This is very true, if DVC members en mass start doing resort stays and going to Universal, SeaWorld, Busch Gardens, Legoland, etc. Instead of Disney, Disney would have to reevaluate things.Not necessarily. True, DVC is a captive audience, but that works both ways. If DVC is full of members taking resort only trips or worse, using their rooms as springboards to Universal, there’s nothing Disney can do but watch those opportunities for more income float away.
They can take away much, and reduce the experience greatly, but what they can not do is reduce the absolute right of members to use the facilities. A DVC membership that doesn’t consume the product would be devastating.
We may be a captive audience, but we also hold captive a large chunk of on-site spending potential.
This is one of the ways DVC has miscalculated on their view of resales, in my opinion. Or rather, it’s silo thinking. DVD believes that because resales make them no money, they are horrible tolerances that detract from their direct sales. Nothing could be further from reality:
DVC resales replace tired (non-spending) owners with new owners eager to throw their dollars at the mouse. That’s a great benefit to Disney if not DVC.
But to the point, Disney can’t just replace disaffected DVC members because we still own the keys to the buildings. The issue isn’t whether we’ll come, it’s whether will spend money at the mouse - and how much - while we’re here.

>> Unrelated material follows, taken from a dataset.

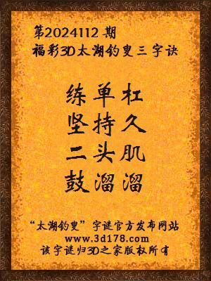 福彩第2024112期3d太湖字谜:练单杠,坚持久,二头肌,鼓溜溜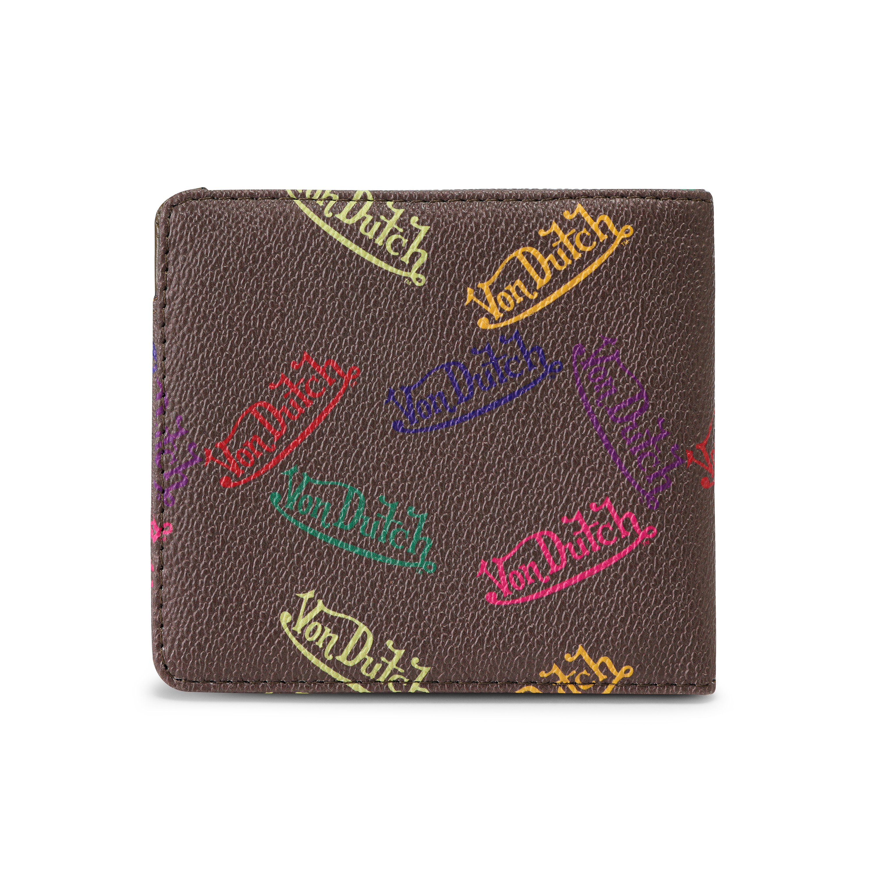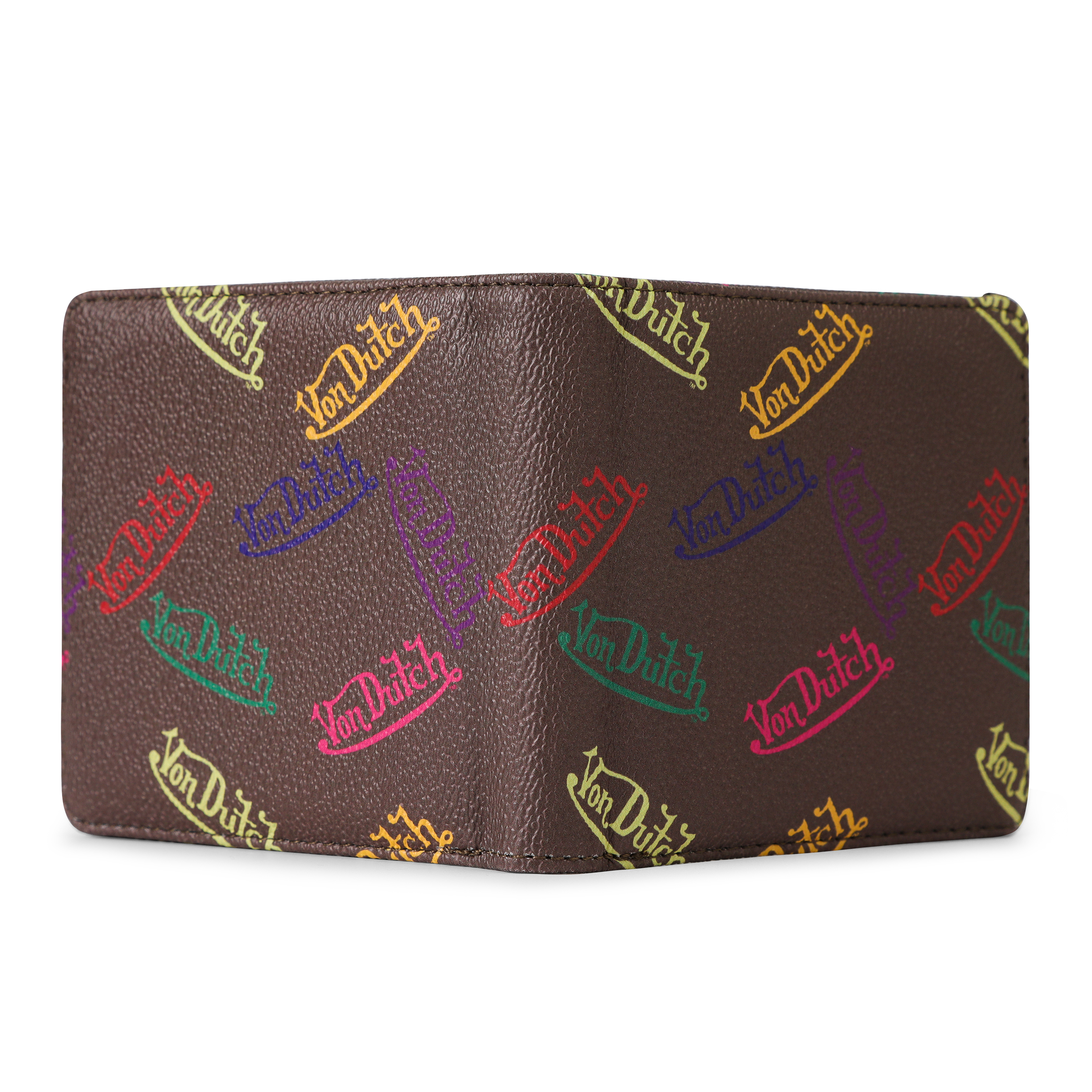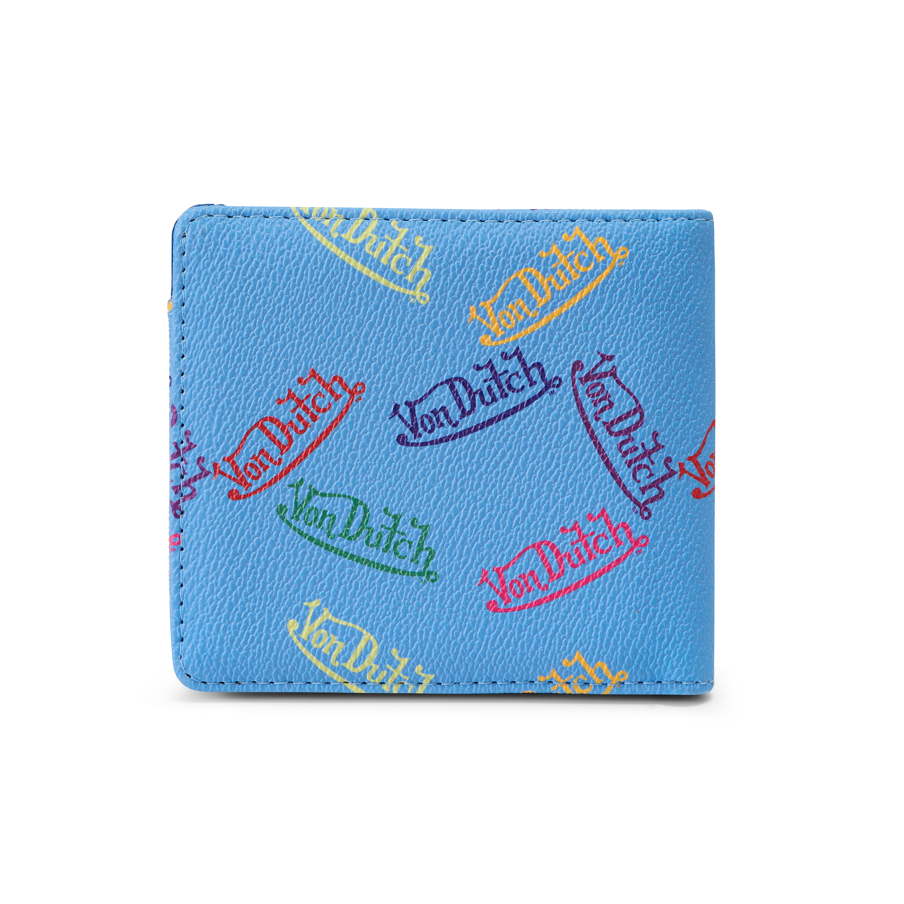 Classic Von Dutch vegan leather wallet for everyday use. Colors : Blue/Brown Vegan leather exterior with subtle texture All Over Neon multi logo Von dutch graphics Bifold design that stays slim in pocket Multiple card slots for daily essentials Full-length compartment for cash and receipts Durable construction made for regular…

Catering to the DVC crowd isn’t bad business - it really comes down to whom is holding whom hostage?
For example, I will admit we are tempted to take a day or two and do Universal on our trip in about a week just because we don't have to wear masks there at all. That is up to two days of lost revenue for Disney. We are even considering a day at SeaWorld since we have Platinum passes for the one by us which gets us in there and again no masks required at any time.
Now a single party doing this for two or three days isn't making a huge dent, but if 80% of those staying at DVC did so, it becomes a bigger issue. Now what if that 80% decided not to do Disney at all because they can't get APs, but can for Universal, etc. And you can see where it really would become a problem for Disney.